- **The problem**: Please reproduce the lines of the records below from the one holding "The description of" through the one holding "Двубортный жакет из", inclusive, skipping all pictures.

- **Data records**:
● ● ● ● ● ● ●

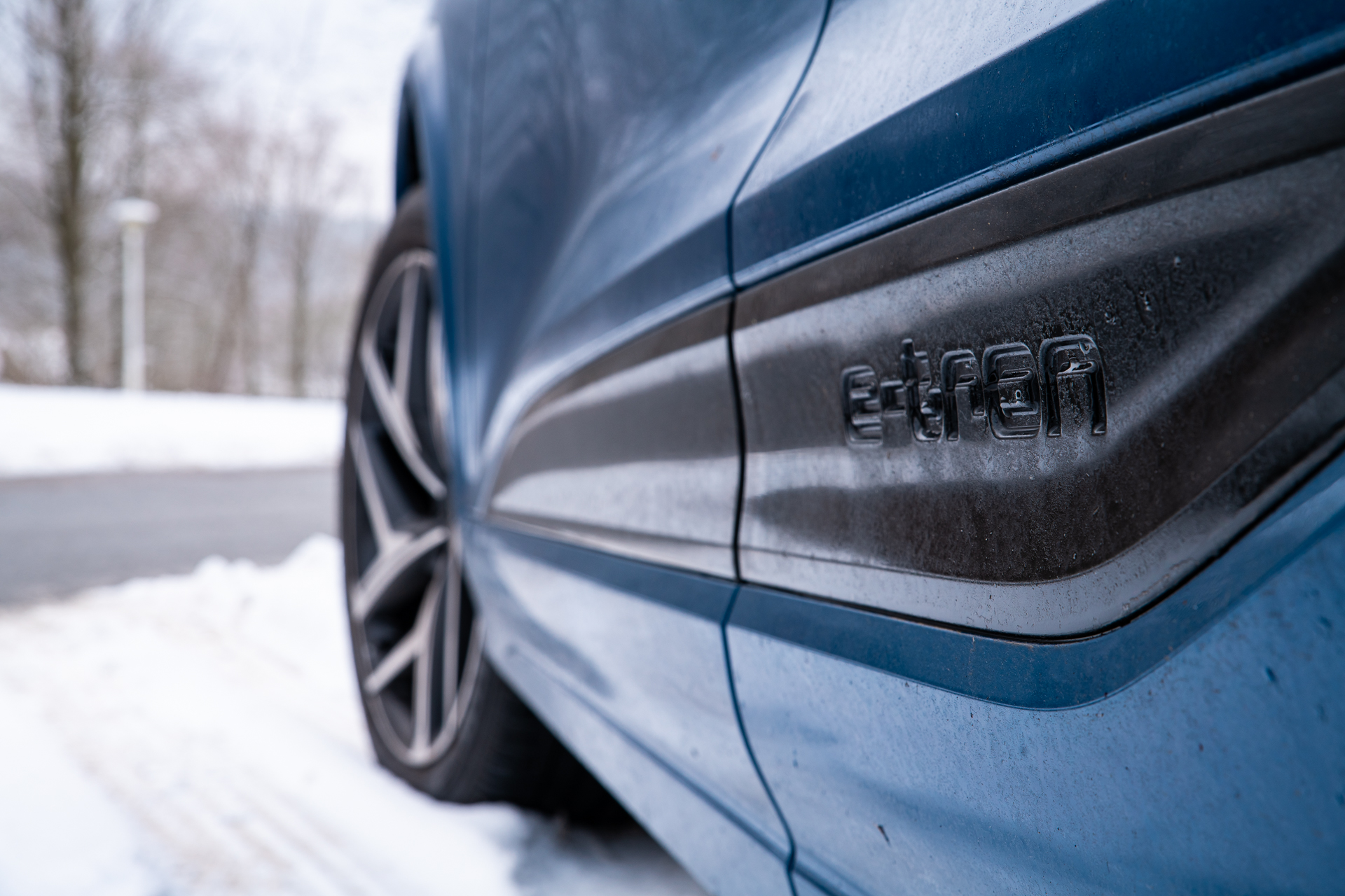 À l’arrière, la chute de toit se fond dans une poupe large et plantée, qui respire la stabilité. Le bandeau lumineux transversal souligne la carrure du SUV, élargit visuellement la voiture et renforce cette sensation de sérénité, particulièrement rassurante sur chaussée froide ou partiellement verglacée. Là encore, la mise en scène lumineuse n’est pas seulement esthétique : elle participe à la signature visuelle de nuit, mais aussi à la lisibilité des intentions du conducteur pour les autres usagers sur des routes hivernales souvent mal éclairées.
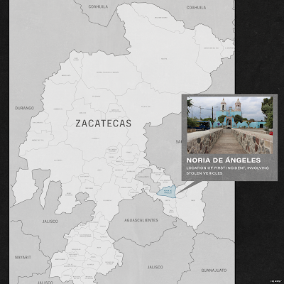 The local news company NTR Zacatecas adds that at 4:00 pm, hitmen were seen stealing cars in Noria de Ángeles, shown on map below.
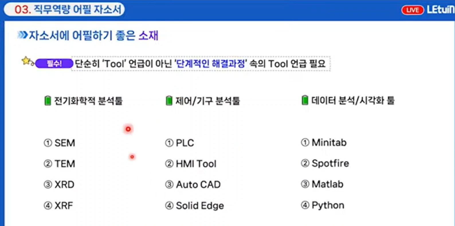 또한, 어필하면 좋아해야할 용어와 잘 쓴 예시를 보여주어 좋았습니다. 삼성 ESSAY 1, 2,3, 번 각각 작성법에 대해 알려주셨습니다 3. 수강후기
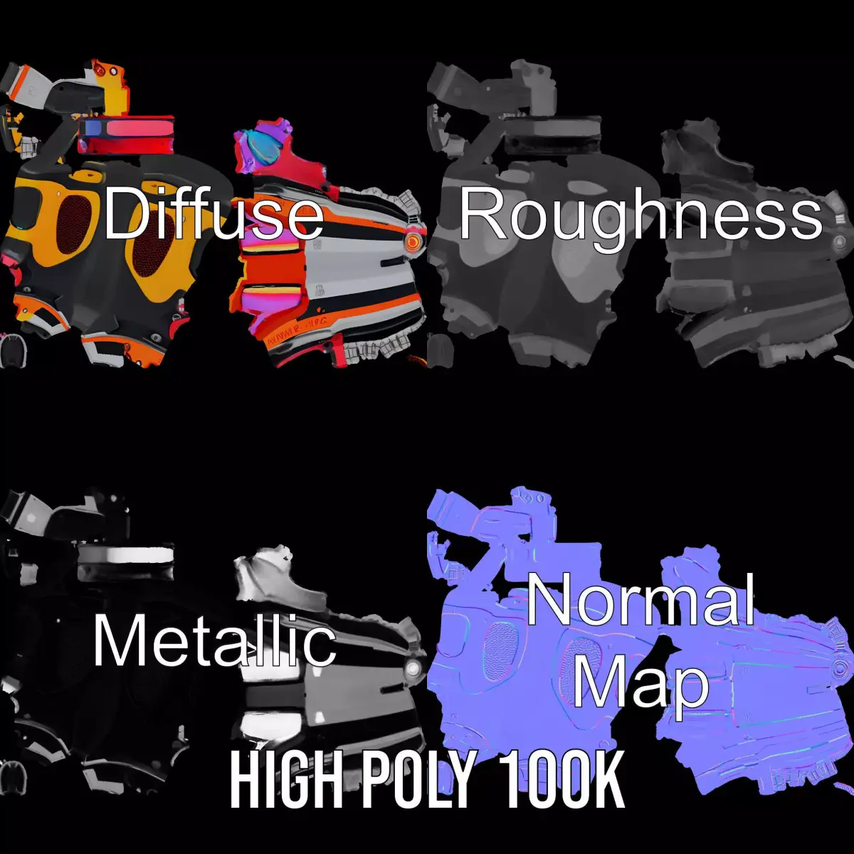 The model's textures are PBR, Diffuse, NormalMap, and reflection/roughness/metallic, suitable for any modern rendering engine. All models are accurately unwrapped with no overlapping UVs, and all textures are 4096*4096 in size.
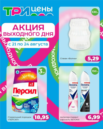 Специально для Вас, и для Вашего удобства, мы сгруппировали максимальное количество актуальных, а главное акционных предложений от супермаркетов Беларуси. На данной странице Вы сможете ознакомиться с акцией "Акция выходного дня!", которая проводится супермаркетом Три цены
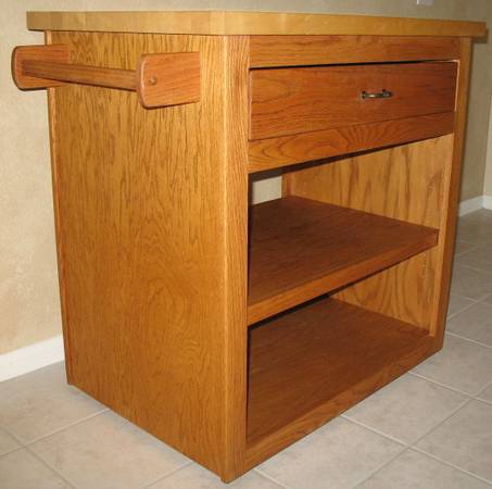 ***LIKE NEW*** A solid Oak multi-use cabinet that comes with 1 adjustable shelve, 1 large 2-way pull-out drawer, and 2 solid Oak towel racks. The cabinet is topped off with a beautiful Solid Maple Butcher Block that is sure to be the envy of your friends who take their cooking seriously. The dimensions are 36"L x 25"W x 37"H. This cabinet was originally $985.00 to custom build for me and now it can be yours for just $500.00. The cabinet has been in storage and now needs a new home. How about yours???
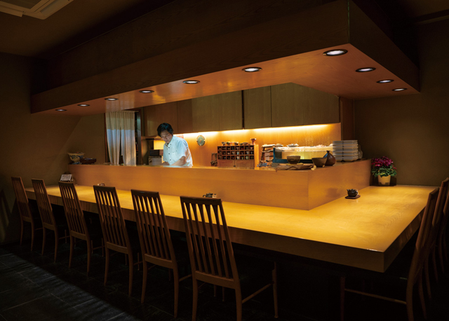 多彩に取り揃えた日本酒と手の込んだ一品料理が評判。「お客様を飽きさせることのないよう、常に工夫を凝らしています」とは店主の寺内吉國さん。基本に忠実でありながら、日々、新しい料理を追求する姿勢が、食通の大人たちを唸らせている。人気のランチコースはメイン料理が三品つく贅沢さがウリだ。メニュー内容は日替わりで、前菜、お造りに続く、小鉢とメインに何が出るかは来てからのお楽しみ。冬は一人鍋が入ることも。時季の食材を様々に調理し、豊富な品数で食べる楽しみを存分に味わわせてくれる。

● ● ● ● ● ● ●

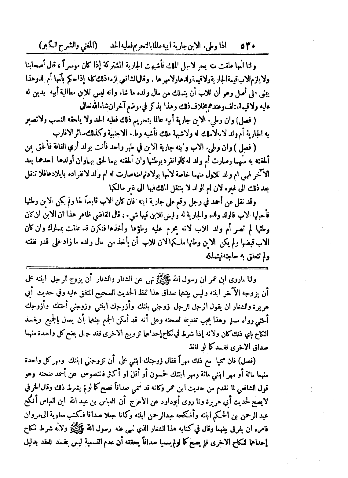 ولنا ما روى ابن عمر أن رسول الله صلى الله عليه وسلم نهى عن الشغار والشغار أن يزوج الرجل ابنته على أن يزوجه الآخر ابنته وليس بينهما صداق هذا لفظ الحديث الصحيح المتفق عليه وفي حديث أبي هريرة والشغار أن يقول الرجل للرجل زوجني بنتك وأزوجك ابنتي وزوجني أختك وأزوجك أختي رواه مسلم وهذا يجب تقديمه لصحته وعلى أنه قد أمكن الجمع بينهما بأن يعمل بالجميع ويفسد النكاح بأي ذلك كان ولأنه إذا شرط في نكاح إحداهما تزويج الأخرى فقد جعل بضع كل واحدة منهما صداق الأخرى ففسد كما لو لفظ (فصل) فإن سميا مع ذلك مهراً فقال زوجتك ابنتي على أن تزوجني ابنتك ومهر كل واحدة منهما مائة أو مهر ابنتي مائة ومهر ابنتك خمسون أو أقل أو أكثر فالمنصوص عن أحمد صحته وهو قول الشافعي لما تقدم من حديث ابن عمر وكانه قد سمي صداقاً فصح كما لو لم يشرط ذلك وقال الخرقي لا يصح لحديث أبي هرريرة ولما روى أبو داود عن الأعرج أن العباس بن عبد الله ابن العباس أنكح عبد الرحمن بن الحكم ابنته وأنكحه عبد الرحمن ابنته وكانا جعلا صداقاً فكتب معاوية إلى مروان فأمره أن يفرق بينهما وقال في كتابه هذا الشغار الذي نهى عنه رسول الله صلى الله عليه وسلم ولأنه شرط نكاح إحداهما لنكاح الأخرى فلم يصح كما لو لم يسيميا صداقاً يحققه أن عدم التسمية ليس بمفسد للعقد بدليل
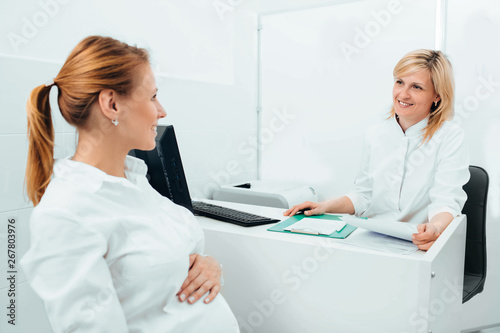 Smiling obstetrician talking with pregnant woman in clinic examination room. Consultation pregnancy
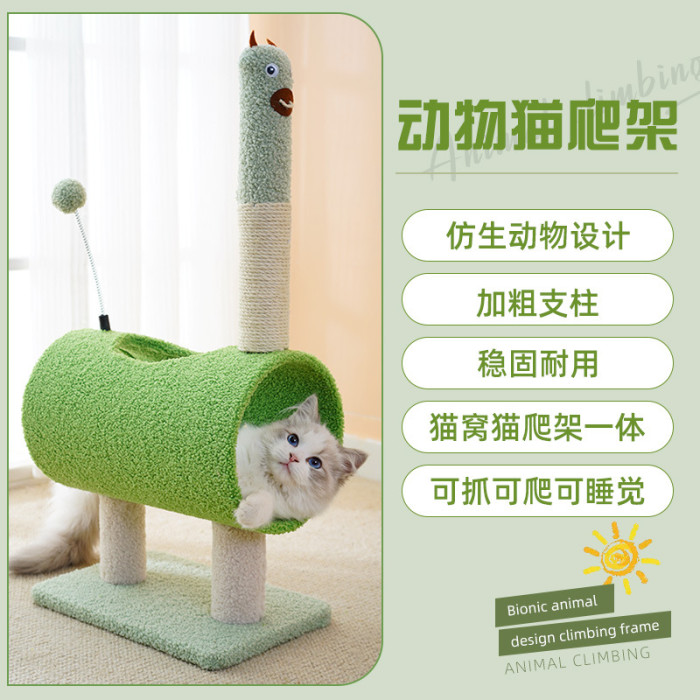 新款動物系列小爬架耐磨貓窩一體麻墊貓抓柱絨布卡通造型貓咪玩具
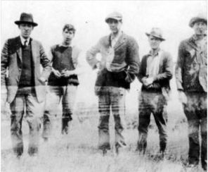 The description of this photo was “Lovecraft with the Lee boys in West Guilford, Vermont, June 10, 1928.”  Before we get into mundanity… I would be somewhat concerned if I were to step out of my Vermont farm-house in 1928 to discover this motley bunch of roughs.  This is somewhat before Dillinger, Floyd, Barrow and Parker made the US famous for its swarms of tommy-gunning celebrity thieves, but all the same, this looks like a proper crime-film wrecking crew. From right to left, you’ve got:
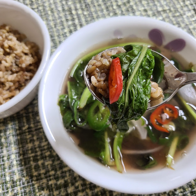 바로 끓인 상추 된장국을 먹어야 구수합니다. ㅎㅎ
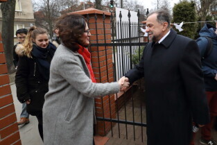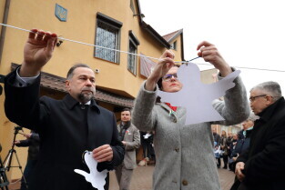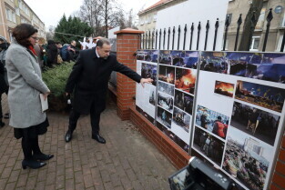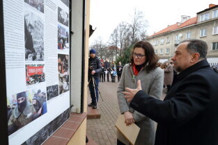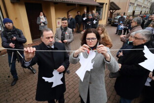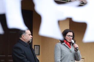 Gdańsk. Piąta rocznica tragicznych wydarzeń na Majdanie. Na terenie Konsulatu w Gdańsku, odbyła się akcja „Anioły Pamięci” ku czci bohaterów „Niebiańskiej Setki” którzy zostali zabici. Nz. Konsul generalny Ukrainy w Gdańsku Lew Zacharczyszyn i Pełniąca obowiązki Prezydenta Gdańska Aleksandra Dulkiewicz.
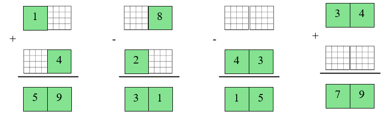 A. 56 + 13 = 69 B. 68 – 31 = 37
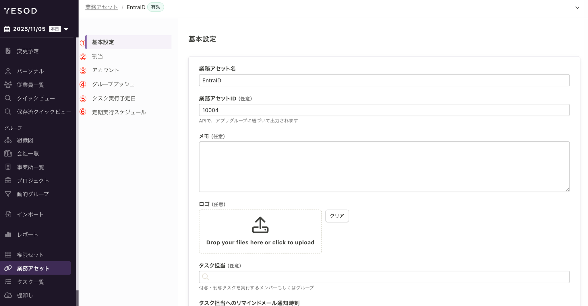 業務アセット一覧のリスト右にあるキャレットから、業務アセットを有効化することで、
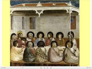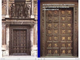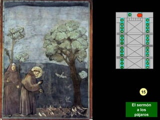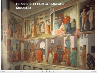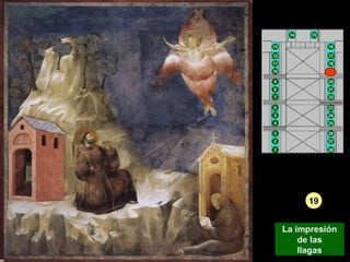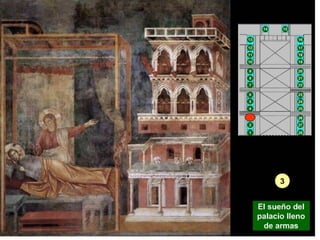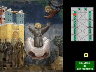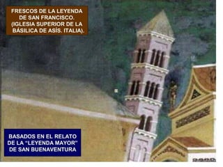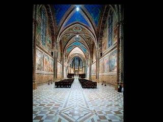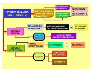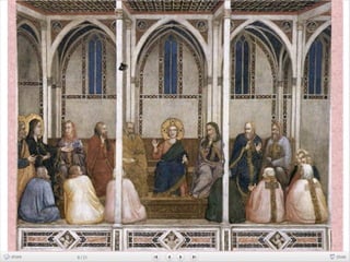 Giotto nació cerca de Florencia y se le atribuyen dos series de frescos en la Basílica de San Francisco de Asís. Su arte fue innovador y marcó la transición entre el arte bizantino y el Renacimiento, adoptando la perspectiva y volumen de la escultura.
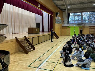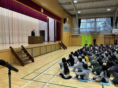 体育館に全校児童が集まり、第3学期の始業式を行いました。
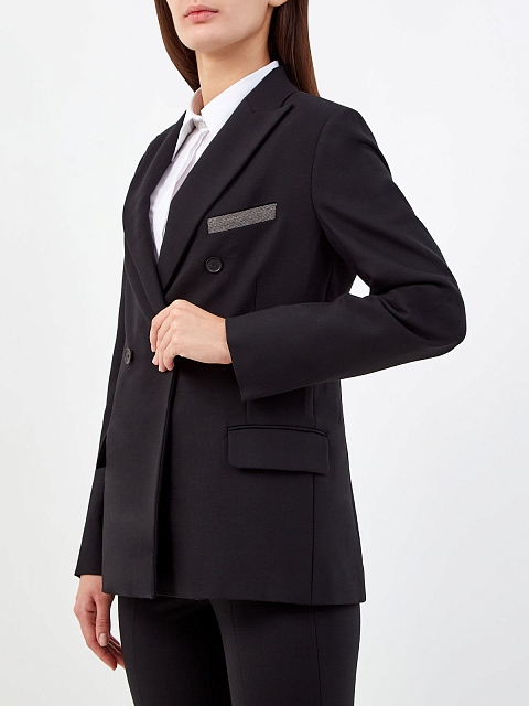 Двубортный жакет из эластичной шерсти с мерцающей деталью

● ● ● ● ● ● ●

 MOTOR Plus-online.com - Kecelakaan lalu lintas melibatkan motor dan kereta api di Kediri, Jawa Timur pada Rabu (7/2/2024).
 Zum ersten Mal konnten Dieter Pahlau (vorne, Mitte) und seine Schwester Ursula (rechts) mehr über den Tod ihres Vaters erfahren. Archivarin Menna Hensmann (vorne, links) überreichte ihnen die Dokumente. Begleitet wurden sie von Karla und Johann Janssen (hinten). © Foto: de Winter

● ● ● ● ● ● ●

- **Completed task**:
 The description of this photo was “Lovecraft with the Lee boys in West Guilford, Vermont, June 10, 1928.”  Before we get into mundanity… I would be somewhat concerned if I were to step out of my Vermont farm-house in 1928 to discover this motley bunch of roughs.  This is somewhat before Dillinger, Floyd, Barrow and Parker made the US famous for its swarms of tommy-gunning celebrity thieves, but all the same, this looks like a proper crime-film wrecking crew. From right to left, you’ve got:
 바로 끓인 상추 된장국을 먹어야 구수합니다. ㅎㅎ
 Gdańsk. Piąta rocznica tragicznych wydarzeń na Majdanie. Na terenie Konsulatu w Gdańsku, odbyła się akcja „Anioły Pamięci” ku czci bohaterów „Niebiańskiej Setki” którzy zostali zabici. Nz. Konsul generalny Ukrainy w Gdańsku Lew Zacharczyszyn i Pełniąca obowiązki Prezydenta Gdańska Aleksandra Dulkiewicz.
 A. 56 + 13 = 69 B. 68 – 31 = 37
 業務アセット一覧のリスト右にあるキャレットから、業務アセットを有効化することで、
 Giotto nació cerca de Florencia y se le atribuyen dos series de frescos en la Basílica de San Francisco de Asís. Su arte fue innovador y marcó la transición entre el arte bizantino y el Renacimiento, adoptando la perspectiva y volumen de la escultura.
 体育館に全校児童が集まり、第3学期の始業式を行いました。
 Двубортный жакет из эластичной шерсти с мерцающей деталью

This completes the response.